“You’ve taught me to be,” she retorted, blazing. “Now listen! You asked me if I’d rather have Bobbie die than write the letter, didn’t you?”

He nodded.

“Then I say ‘yes’.” She caught her breath. “We’ll both die.”

“Well, by God, you’re a cool one! Theodore’s more 313 lucky than I thought. So that’s the way you love him?”

She grew more inexplicable with each passing day.

“Poor Theodore!” murmured Morse, to break the tense silence.

“I thought it all out this morning,” explained Jinnie. “Bobbie’s awfully ill, terribly.

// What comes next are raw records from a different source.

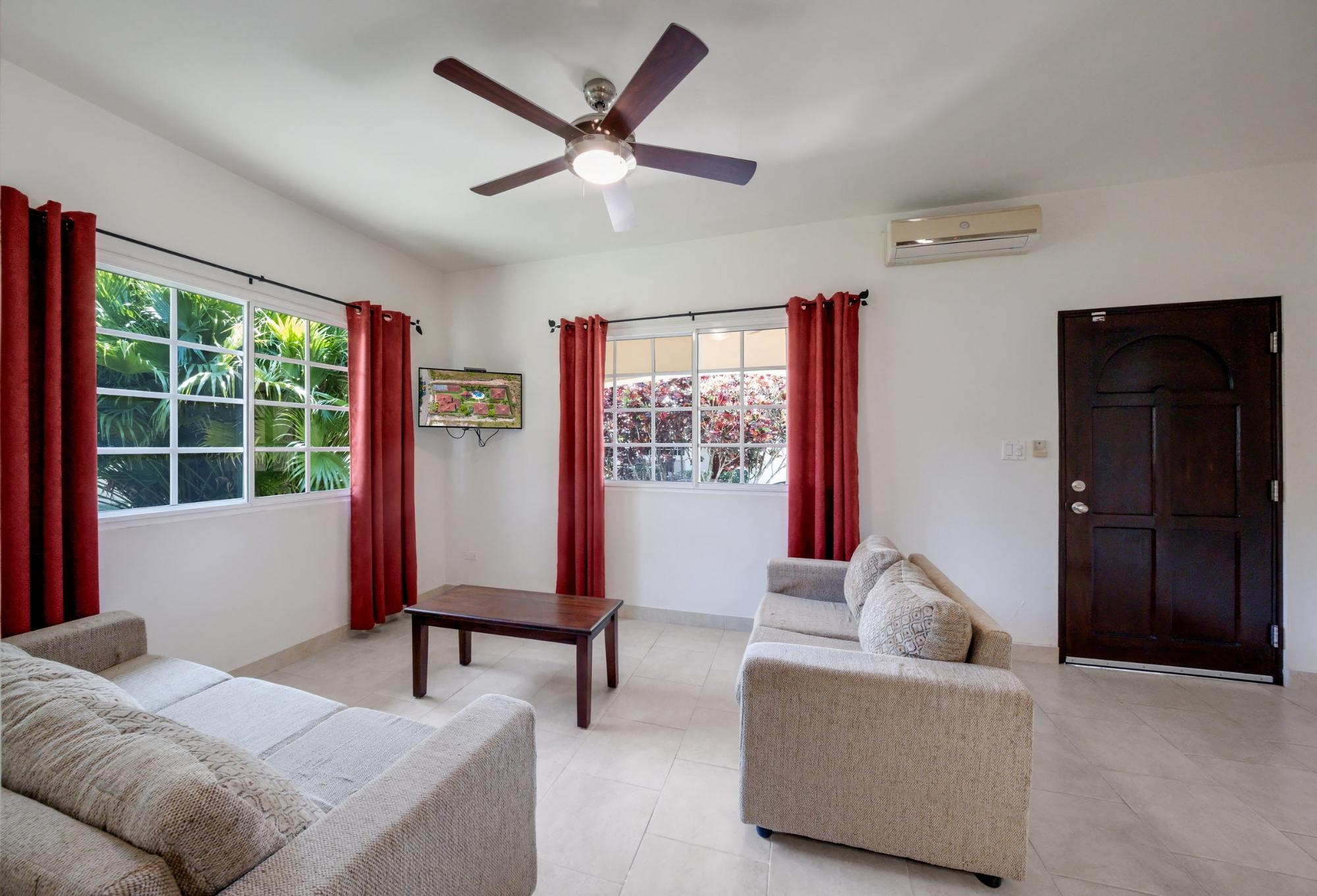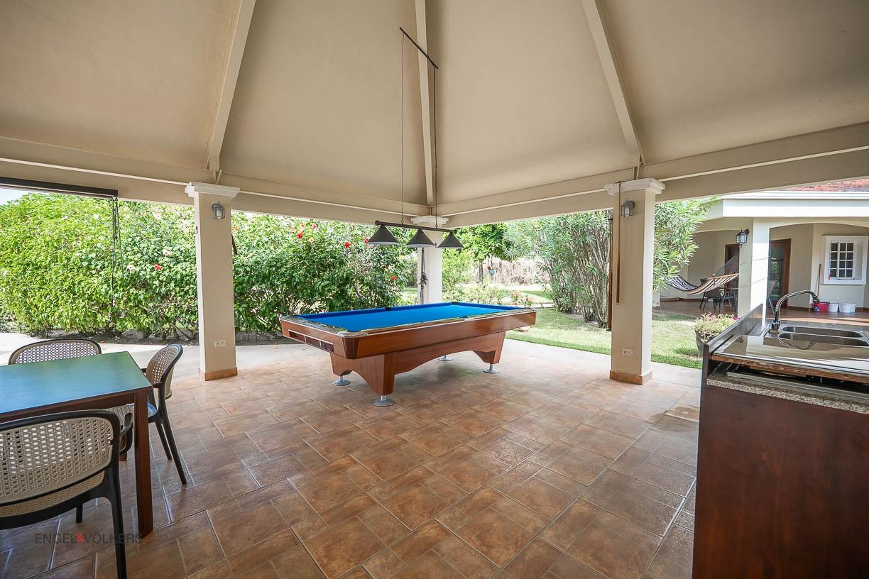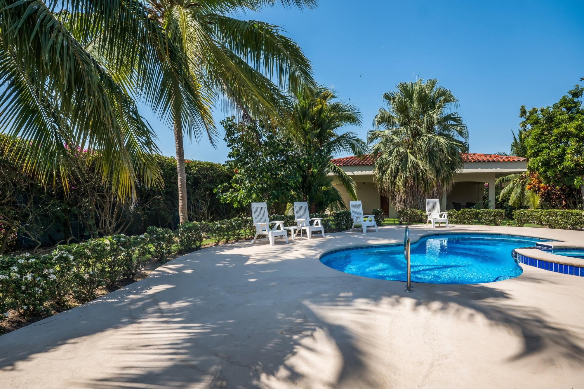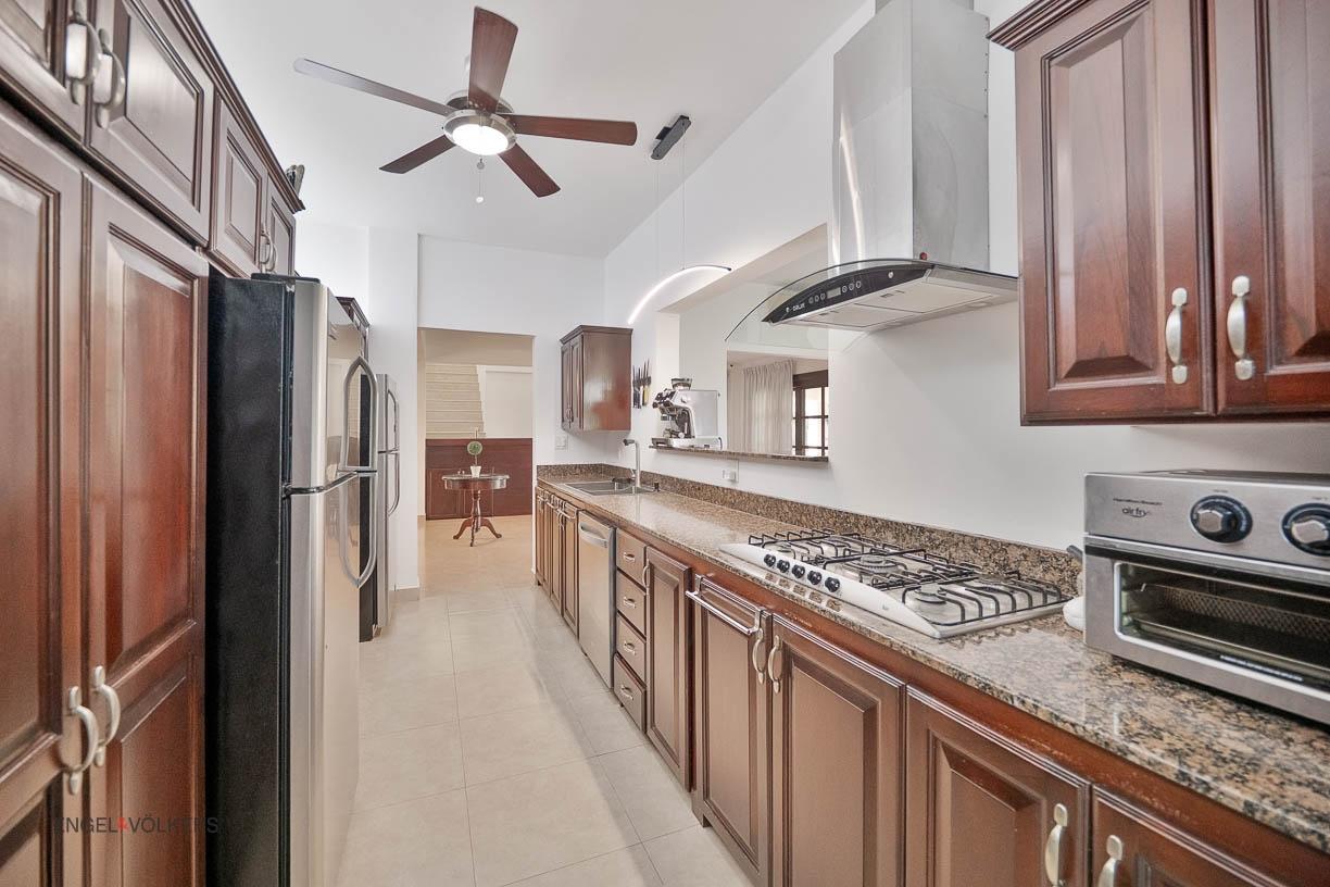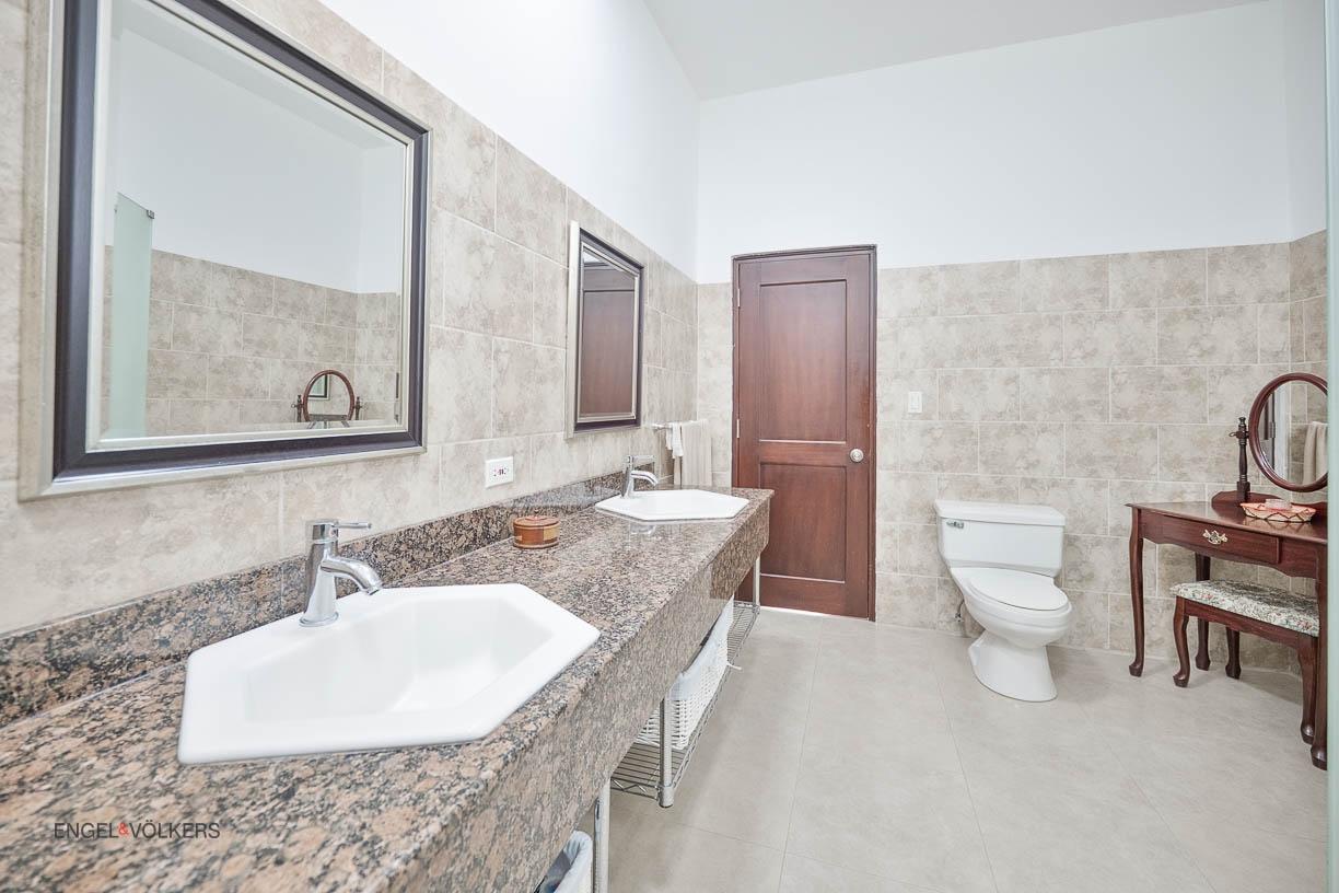 Discover your dream home in Santa Clara, Rio Hato – a property that perfectly blends modern luxury, comfort, and the natural beauty of Panama’s Pacific Coast. This stunning home offers spacious interiors, elegant finishes, and expansive outdoor spaces, making it the ideal location for relaxing family getaways or hosting unforgettable gatherings. Located just minutes from the beach, this property promises a lifestyle of tranquility and exclusivity. The property features a total land area of 3,033 m² and a main house of 380 m², fully furnished and equipped. The main house has 3 bedrooms, 3.5 bathrooms, a den, living room, kitchen, and office. The common area includes a gazebo with a grill, refrigerator, sink, and a large seating area, as well as a pool with outdoor showers and bathroom. Additionally, the property includes three guest houses, each measuring 118 m², furnished and equipped with 2 bedrooms, 2 bathrooms, living room, and kitchen. The construction is made of cement, concrete and M2 panels, providing excellent insulation, minimal maintenance and a robust structure. The property is equipped with solar panels that supply power to the main house and common areas, eliminating electricity costs. The solar system can also supply power to the guest houses if needed. Each house, including the guest houses and common areas, has its own electricity meter. The property also has a private water well with irrigation system, a comprehensive drainage system and a security system installed throughout the property. In addition, it has an electric generator, high-speed fiber optic internet with Tigo and pressure and well water pumps.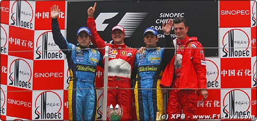 シューマッハは着実な走りで逃げ切りを決め、見事、逆転勝利。今季7勝目、通算91勝目を挙げるとともに、ドライバーズチャンピオンシップで、ついにアロンソと同点に並んだ。2人の獲得ポイントは116点だ。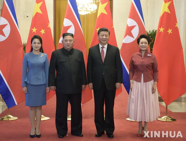 [베이징=신화/뉴시스]김정은 북한 국무위원장과 리설주 여사가 2019년 1월 8일 중국 베이징에서 시진핑 국가주석 및 펑리위안 여사와 기념촬영을 하고 있다. 2025.08.28. |

He can’t live long anyway, and I––” A terrific sob shook her as a raging gale rends a slender flower.

Jinnie controlled her weeping that the blind child in the other room might not hear. Never had Jordan been so sorely tempted to do a good deed. Good deeds were not habitual to him, but at that moment a desire possessed him to take her in his arms, to soothe her, to restore her to Peggy and give her back to Theodore. But the murder scene in the cobbler’s shop came back with strong renewed vigor. He had gone too far, and he must have money. Molly held him in her power, and as he thought of her tightly set lips, the danger signal she had tossed at him more times than once, he crushed dead his better feeling.

“Your plan won’t work,” he said slowly. “Write the letter—I am in a hurry.”

“I will not,” she refused him once more.